Это галантное замечание было вознаграждено ласковой, хотя и печальной улыбкой, и девушка попросила своего собеседника закончить осмотр сундука. Поиски по необходимости заняли еще некоторое время, в течение которого Джудит собралась с мыслями и снова овладела собой. Она не принимала участия в осмотре, предоставив заниматься им молодому человеку, и лишь рассеянно поглядывала иногда на различные вещи, которые он доставал. Впрочем, Зверобой не нашел ничего интересного или ценного. Две шпаги, какие тогда носили дворяне, несколько серебряных пряжек, несколько изящных принадлежностей женского туалета — вот самые существенные находки. Тем не менее Джудит и Зверобою одновременно пришло на ум, что эти вещи могут пригодиться при переговорах с ирокезами, хотя молодой человек предвидел — здесь трудности, которые не столь ясно представляла себе девушка.
— А теперь, Зверобой, — сказала Джудит, — мы можем поговорить о том, каким образом освободить вас из рук гуронов. Мы с Хетти охотно отдадим любую часть или все, что есть в этом сундуке, лишь бы выкупить вас на волю.
— Ну что ж, это великодушно, это очень щедро и великодушно. Так всегда поступают женщины. Когда они подружатся с человеком, то ничего не делают наполовину; они готовы уступить все свое добро, как будто оно не имеет никакой цены в их глазах. Однако, хотя я благодарю вас обеих так, словно сделка уже состоялась и Расщепленный Дуб или какой-нибудь другой бродяга уже явился сюда, чтобы скрепить договор, существуют две важные причины, по которым договор этот никогда не будет заключен; а поэтому лучше сказать все начистоту, чтобы не пробуждать неоправданных ожиданий у вас или ложных надежд у меня.

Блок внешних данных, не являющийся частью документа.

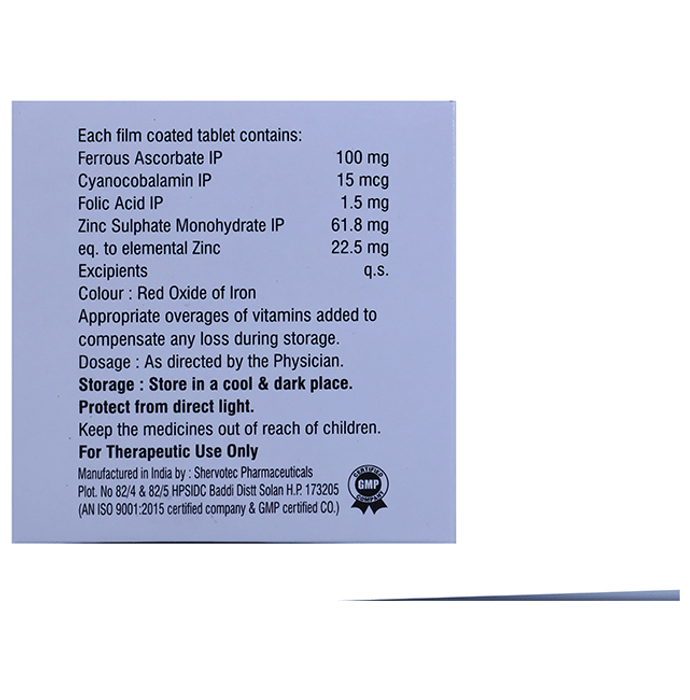 Ferrous ascorbate (Iron) is required for red blood cell production and haemoglobin formation|Cyanocobalamin (Vitamin B12) can help support brain health and boost nerve myelination. It is an essential nutrient that helps the body make healthy red blood cells and nerve cells|Folic Acid helps in the development of healthy red blood cells and supports nervous and heart health|Zinc helps boost immunity and promote the growth of body tissues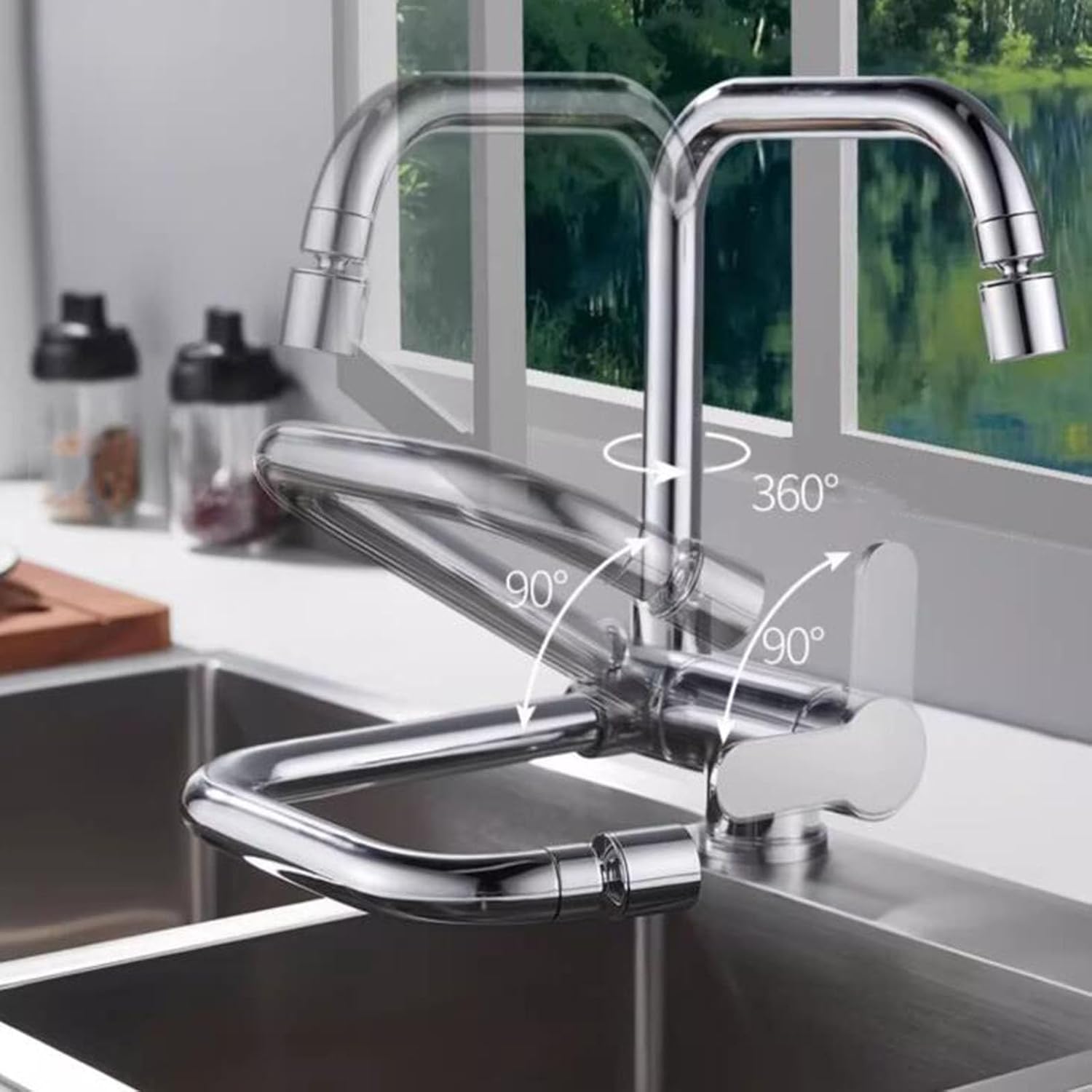 Kitchen Faucets Folding Inside Window Swivel 2 Modes Nozzle Brass Sink Mixer Faucet-Chrome

— Но какие же это причины, если мы с Хетти готовы отдать эти безделки для вашего спасения, а дикари согласятся принять их?
— В том-то и штука, Джудит, что, хотя вам и пришла в голову верная мысль, однако она сейчас совсем неуместна. Это все равно как если бы собака побежала не по следу, а в обратную сторону. Весьма вероятно, что минги согласятся принять от вас все, что находится в этом сундуке, и вообще все, что вы им можете предложить, но согласятся ли они заплатить за это — дело другое. Скажите, Джудит: если бы кто-нибудь велел вам передать, что вот, мол, за такую-то и такую-то цену он согласен уступить вам и Хетти весь этот сундук, стали бы вы ломать голову над такой сделкой или же тратить на это много слов?
— Но этот сундук и все, что в нем находится, принадлежит нам. Чего ради покупать то, что и так уже наше!
— Совершенно так же рассуждают минги; они говорят, что сундук принадлежит им, и никого не хотят благодарить за ключ от него.
— Я понимаю вас, Зверобой; но все же мы еще владеем озером и может продержаться здесь, пока Непоседа не пришлет нам солдат, которые выгонят врагов. Это вполне может удаться, если к тому же вы останетесь с нами, вместо того чтобы возвращаться к мингам и снова сдаться им в плен, как вы, по-видимому, собираетесь.
— Если бы Гарри Непоседа рассуждал таким образом, было бы совершенно естественно: ничего лучшего он не знает и вряд ли способен чувствовать и действовать иначе. Но, Джудит, спрашиваю вас по совести: неужели вы могли бы по-прежнему уважать меня, как, надеюсь, уважаете сейчас, если бы я нарушил свое обещание и не вернулся в индейский лагерь?
— Уважать вас больше, чем сейчас, Зверобой, мне было бы нелегко, но я уважала бы вас — так мне кажется, так я думаю — ничуть не меньше. За все сокровища целого мира я не соглашусь подстрекнуть вас на поступок, который изменил бы мое мнение о вас.
— Тогда не убеждайте меня нарушить данное слово, девушка. Отпуск — великая вещь для воинов и для таких лесных жителей, как мы. И какое горькое разочарование потерпели бы старый Таменунд и Ункас, отец Змея, и все мои индейские друзья, если бы я, выйдя в первый раз на тропу войны, опозорил себя. Совесть — моя царица, и я никогда не спорю против ее повелений.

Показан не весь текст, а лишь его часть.